▸ AIM OF THE EXERCISE
Using the listing below, work out the number of lines in which "first" appears; return only that figure.

+ + + + + + +

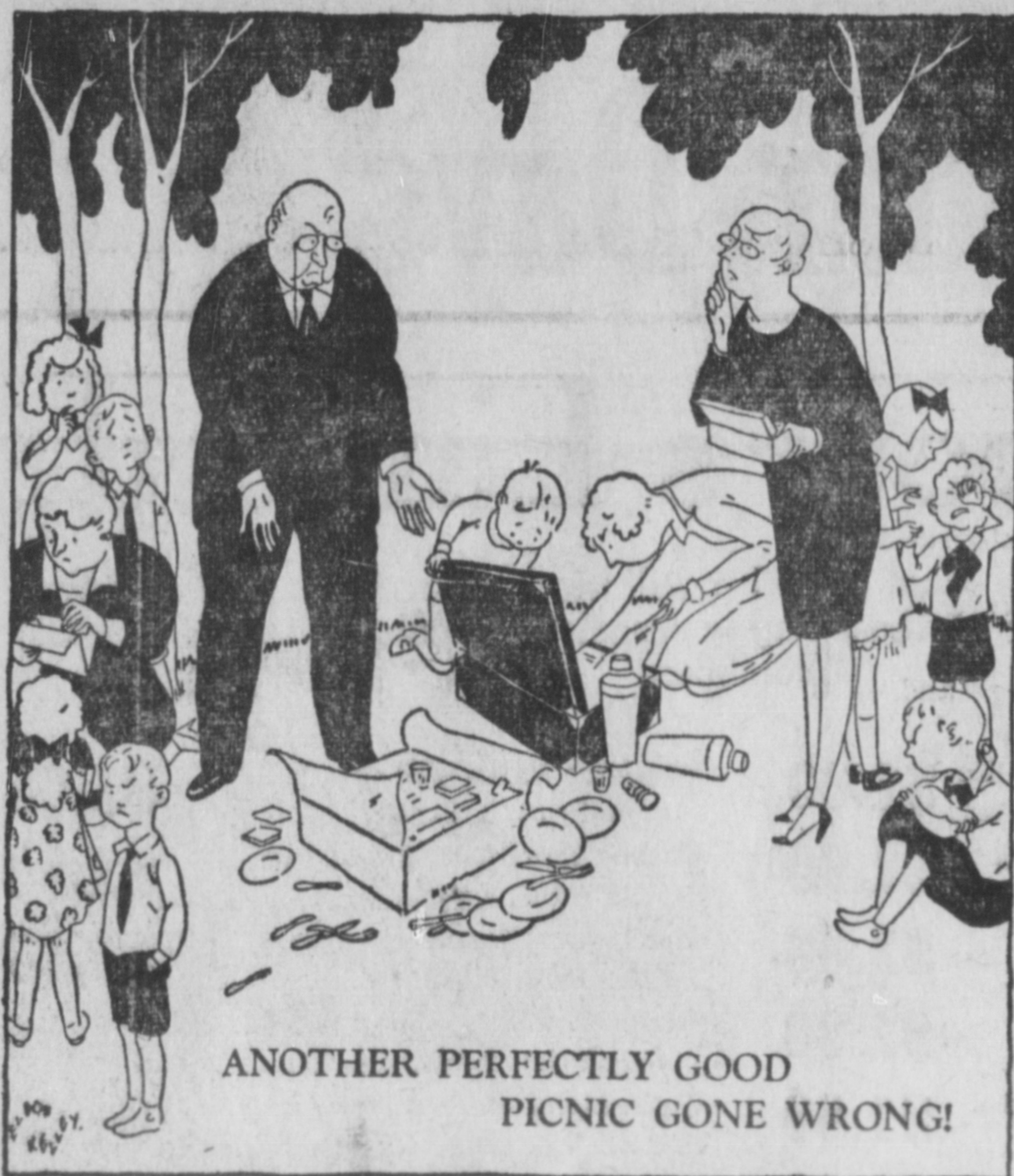
ANOTHER PERFECTLY GOOD PICNIC GONE WRONG!

SOMEbody has forgotten to put in the big package of Rowntree's York Milk Chocolate. Aunt Mary (extreme left) is suspected, but nobody can find the heart to accuse her. Little Bartholomew (seated, with arms crossed, at the right) felt all along that something was going to happen to spoil the day.
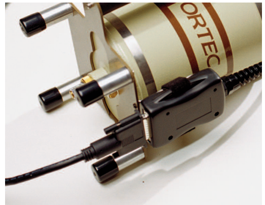
SMART-1 Detector Interface Module.

The DigiDART/SMART-1 combination also guarantees spectrum authenticity. At the start of the acquisition, the DigiDART reads the SMART-1 detector serial number. The DigiDART generates a random number and writes it to the SMART-1 detector. At the end of the acquisition, the DigiDART reads both numbers from the SMART-1 detector and compares the "stop" values to the "start" values. An exact match assures data integrity. Because DigiDART, like all ORTEC MCA products, forms part of the CONNECTIONS architecture, these operations may be carried out remotely over a network, making DigiDART IDEAL for unattended monitoring applications. The combination of the DigiDART and a SMART-1 detector is all that is required to provide full functionality and traceability. The SMART-1 detector includes the module shown in the figure which houses the HV and the detector controller. The cables are captive, strain-relieved and sealed against water penetration, eliminating the high voltage connectors and all the problems of HV connectors.
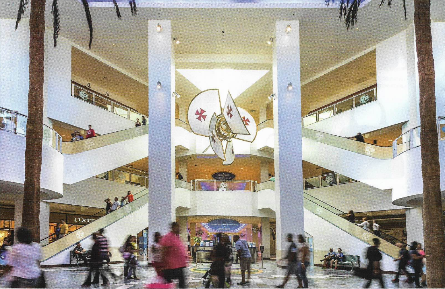
Plaza las Americas is the Caribbean's most-visited retail entertainment destination with more than 300 shops.
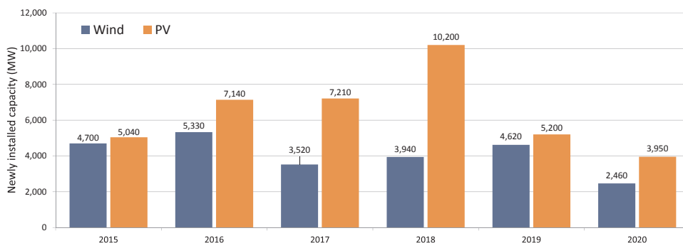
Fig. 3. Chinese newly installed capacity of wind and PV (MW) in the first quarter of each year.

Investment in long-lived high-carbon energy infrastructure, on the other hand, continues on a massive scale. Local authorities approved 48 GW of coal-fired power plants in just the first five months of 2020 already (Nengyuan Energy Magazine, 2020), after
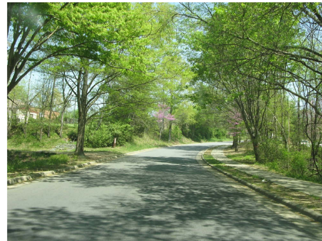
21. B5 – Caldwell St./Church St. Route - traveling east to Church St.
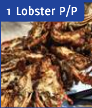
1 Lobster P/P

+ + + + + + +

▸ RESPONSE FOR THIS EXERCISE
2